$x^2+y^3 = z^4$ for positive integers

Question

How can I solve this diophatine equation :

$$x^2+y^3=z^4$$ for $(x, y, z) \in \mathbb{Z}_{>0}$

I tried to look on wolfram alpha yet it seems like there aren't any solutions...

Answer 1

$$X^{n}+Y^{n+1}=Z^{n+2}$$

Solution always can be written, for example.

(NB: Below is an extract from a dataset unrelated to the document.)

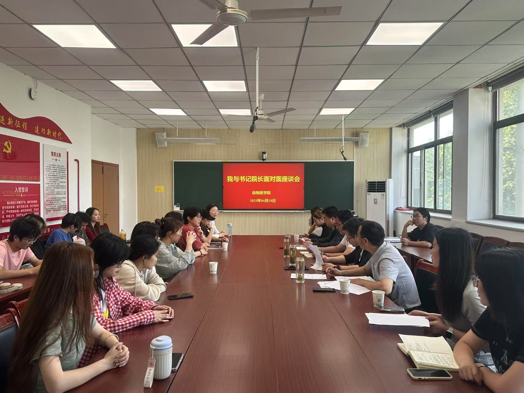 本网讯 4月18日,动物医学院在动医楼306会议室召开“我与书记院长面对面”座谈会。学院党委书记吴永红,院长孙裴,副院长王希春,团学、研究生管理负责老师和各年级、各民族学生代表参加会议,会议由学院党委副书记张锐主持。

$$X=(c^2-b^2)^{(n+2)}b^{(n^2+2n-1)}c^{(n+1)^2}$$

$$Y=(c^2-b^2)^{(n+1)}b^{(n-1)(n+2)}c^{n(n+1)}$$

$$Z=(c^2-b^2)^{n}b^{(n-1)(n+1)}c^{(n^2+1)}$$

If you make this change. $X^2+Y^3=Z^4$

$$p=tz(2zk^2+t)$$

$$s=tzk^2(2zk^2-t)$$

The result of such decision.

$$X=sp^3$$

$$Y=2tzk^2p^2$$

$$Z=kp^2$$

Where the number $t,z,k$ - integers and set us. You may need after you get the numbers, divided by the common divisor.

Answer 2

This is a special case of the generalized Fermat equation $$x^p+y^q=z^r$$ For $\frac{1}{p}+\frac{1}{q}+\frac{1}{r}\le 1$ it has only finitely many coprime integer solutions, as has been proved by Darmon and Granville. For $\frac{1}{p}+\frac{1}{q}+\frac{1}{r}>1$ however, there are infinitely many coprime nonzero integer solutions, given by a finite set of 2-parameter families, see Beukers, The Diophantine equation $Ax^p + By^q = Cz^r$, Duke Math. J. 91 (1998), 61-88. The explicit parameterizations (with proofs) can be found in Chapter 14 of Cohen's book Number Theory, Vol. II.